WORK TO COMPLETE: Return exactly the lines below, starting with the one that has "A Novo C® komplex" and going on through the one that has "Bengkulu, 1 April".

DATA PROVIDED:

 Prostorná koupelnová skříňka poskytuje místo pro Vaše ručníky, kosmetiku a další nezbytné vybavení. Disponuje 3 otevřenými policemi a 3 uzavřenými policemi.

---

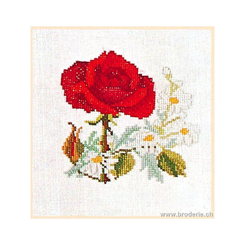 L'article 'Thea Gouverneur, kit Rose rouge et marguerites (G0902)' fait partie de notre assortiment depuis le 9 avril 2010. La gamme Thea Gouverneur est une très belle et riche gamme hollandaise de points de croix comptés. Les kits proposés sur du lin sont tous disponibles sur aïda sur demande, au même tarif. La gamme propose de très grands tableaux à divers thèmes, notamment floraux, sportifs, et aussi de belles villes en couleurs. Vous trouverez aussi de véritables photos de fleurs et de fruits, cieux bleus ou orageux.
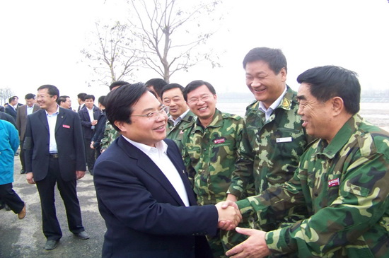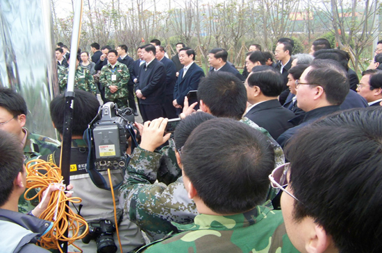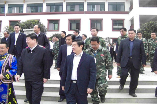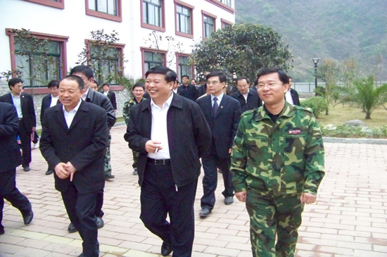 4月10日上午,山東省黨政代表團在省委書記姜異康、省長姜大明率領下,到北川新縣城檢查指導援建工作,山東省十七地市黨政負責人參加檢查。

---

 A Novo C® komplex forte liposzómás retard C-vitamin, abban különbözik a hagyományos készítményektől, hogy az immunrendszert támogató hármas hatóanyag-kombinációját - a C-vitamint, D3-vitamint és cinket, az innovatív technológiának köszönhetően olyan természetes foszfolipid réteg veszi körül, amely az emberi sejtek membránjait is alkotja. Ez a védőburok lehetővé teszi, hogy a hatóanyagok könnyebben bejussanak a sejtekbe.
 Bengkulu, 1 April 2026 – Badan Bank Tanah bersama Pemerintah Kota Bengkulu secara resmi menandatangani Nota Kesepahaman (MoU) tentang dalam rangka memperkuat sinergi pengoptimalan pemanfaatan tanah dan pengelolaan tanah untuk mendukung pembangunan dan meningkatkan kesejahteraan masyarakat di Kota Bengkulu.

TASK RESULT:
 A Novo C® komplex forte liposzómás retard C-vitamin, abban különbözik a hagyományos készítményektől, hogy az immunrendszert támogató hármas hatóanyag-kombinációját - a C-vitamint, D3-vitamint és cinket, az innovatív technológiának köszönhetően olyan természetes foszfolipid réteg veszi körül, amely az emberi sejtek membránjait is alkotja. Ez a védőburok lehetővé teszi, hogy a hatóanyagok könnyebben bejussanak a sejtekbe.
 Bengkulu, 1 April 2026 – Badan Bank Tanah bersama Pemerintah Kota Bengkulu secara resmi menandatangani Nota Kesepahaman (MoU) tentang dalam rangka memperkuat sinergi pengoptimalan pemanfaatan tanah dan pengelolaan tanah untuk mendukung pembangunan dan meningkatkan kesejahteraan masyarakat di Kota Bengkulu.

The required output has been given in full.